Fernando, Rafael, Agustin, Sebastian, Angel en Niquito kwamen even langs om een stuk cake en koekjes te bietsen alvorens ze naar het park gingen om een balletje te trappen. Santi bleef wat langer hangen. Hij keek naar Sofia, die in de schaduw van een acaciaboom met haar moeder en tantes zat te praten. Hij hield van de dramatische manier waarop ze haar handen bewoog wanneer ze sprak, van de manier waarop ze vanonder haar dikke, bruine wimpers opkeek alsof ze iets wereldschokkends te melden had, terwijl ze alleen maar het moment afwachtte dat ze de meeste reacties zou ontlokken. Hij kon zien dat ze wist dat ze bekeken werd, omdat haar mondhoeken zich krulden in een zelfbewuste glimlach. Ten slotte zocht ze zijn blik. Hij knipoogde tweemaal zonder van gelaatsuitdrukking te veranderen. Sofia beantwoordde zijn boodschap en grijnsde vervolgens zo opvallend naar hem dat hij haar een waarschuwende blik moest toewerpen. Toen liet ze alleen nog maar haar ogen liefdevol over zijn gezicht en lippen glijden. Hij wendde zich af, bang dat iemand het zou zien en hij hoopte maar dat zij hetzelfde zou doen. Maar toen hij haar weer aankeek, had ze haar blik nog steeds op hem gericht en keek ze hem met een schuin hoofd en een verlangende glimlach aan. Maria was druk bezig om de kinderen boterhammetjes en snoepjes te geven, de cake aan te snijden en de omgegooide bekertjes sinaasappelsap op te rapen en de honden weg te jagen, die met hun neus te dicht bij het eten kwamen. Ze had het veel te druk om de tedere blikken tussen haar broer en nichtje op te merken.

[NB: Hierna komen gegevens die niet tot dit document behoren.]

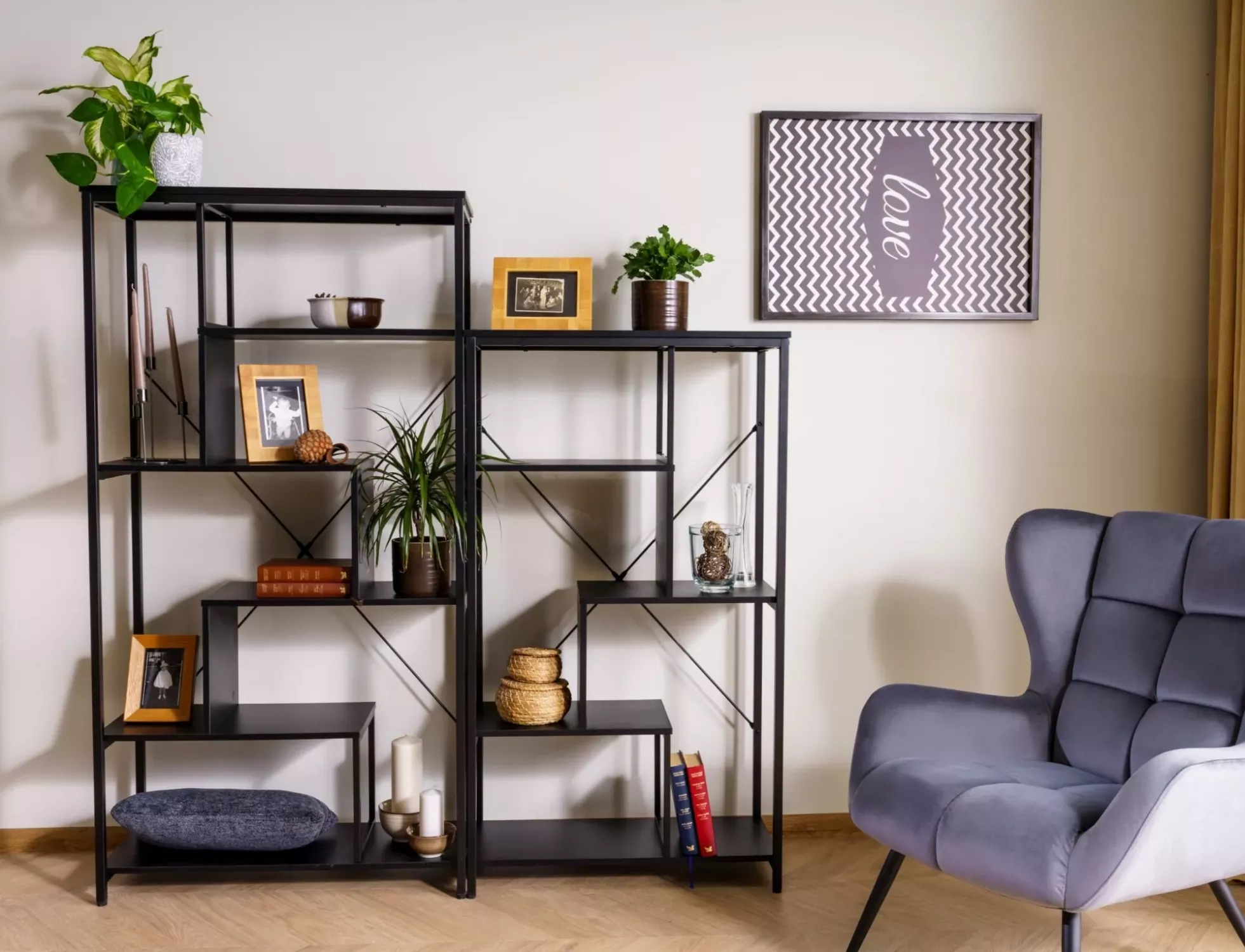 Policový regál ESTEFANI 1 je nevšední doplněk do interiéru, který umožní uspořádat knihy, dekorace a další druhy předmětů podle vašich představ.

Later die avond zaten Santi en Sofia op een bank onder de veranda van zijn huis. In het donker hielden ze heimelijk elkaars hand vast. Als hij tweemaal in haar hand kneep betekende dat dat hij haar wilde zeggen dat hij van haar hield. Net als tweemaal knipogen. Vervolgens kneep zij ook in zijn hand totdat het een spel werd om te zien wie de ander het meest kon knijpen. Zijn hele familie was al naar bed. Het was stil in huis en de lucht was koeler dan overdag. De herfst kwam eraan, die met zijn frisse maar melancholieke wind de broeierige nachten verdreef.
‘Ik ruik de herfst,’ zei Sofia, die zich dicht tegen Santi aan nestelde.
‘Jammer dat de zomer voorbij is.’
‘O nee. Mij kan het niet schelen. Ik hou ook van de donkere avonden bij de open haard.’
Hij trok haar nog dichter tegen zich aan en drukte een tedere kus op haar voorhoofd. ‘Stel je eens voor wat voor ondeugende dingen we zouden kunnen doen bij mama’s open haard,’ fluisterde hij.
‘Zie je nu wel. De winter is zo erg nog niet.’
‘Niet met jou. Niets is erg met jou, Chofi.’
‘Ik kan niet wachten om een winter met jou mee te maken, en een lente en nog een zomer. Ik wil samen met jou oud worden,’ zei ze dromerig.
‘Ik ook met jou,’ zei hij.
‘Zelfs als ik net zo loca word als grootvader?’
‘Nou…’ aarzelde hij, voor de grap zijn hoofd schuddend.
‘Ik heb nogal wat Iers bloed in me,’ waarschuwde ze.
‘Dat weet ik. Daar maak ik me ook zorgen over.’
‘Je houdt toch van me omdat ik anders ben dan de anderen. Dat heb je zelf gezegd!’ Ze lachte en snuffelde onder zijn kin. Zachtjes duwde hij haar gezicht omhoog en streek over haar wang.
‘Wie zou er nu niet van je houden?’ Hij zuchtte en boog zijn hoofd zodat zijn mond de hare raakte. Ze sloot haar ogen en genoot van het warme, vertrouwde gevoel van zijn lippen en zijn kruidige geur wanneer hij haar kuste.
‘Laten we naar de ombu-boom gaan,’ stelde ze voor, en hij glimlachte veelbetekenend naar haar.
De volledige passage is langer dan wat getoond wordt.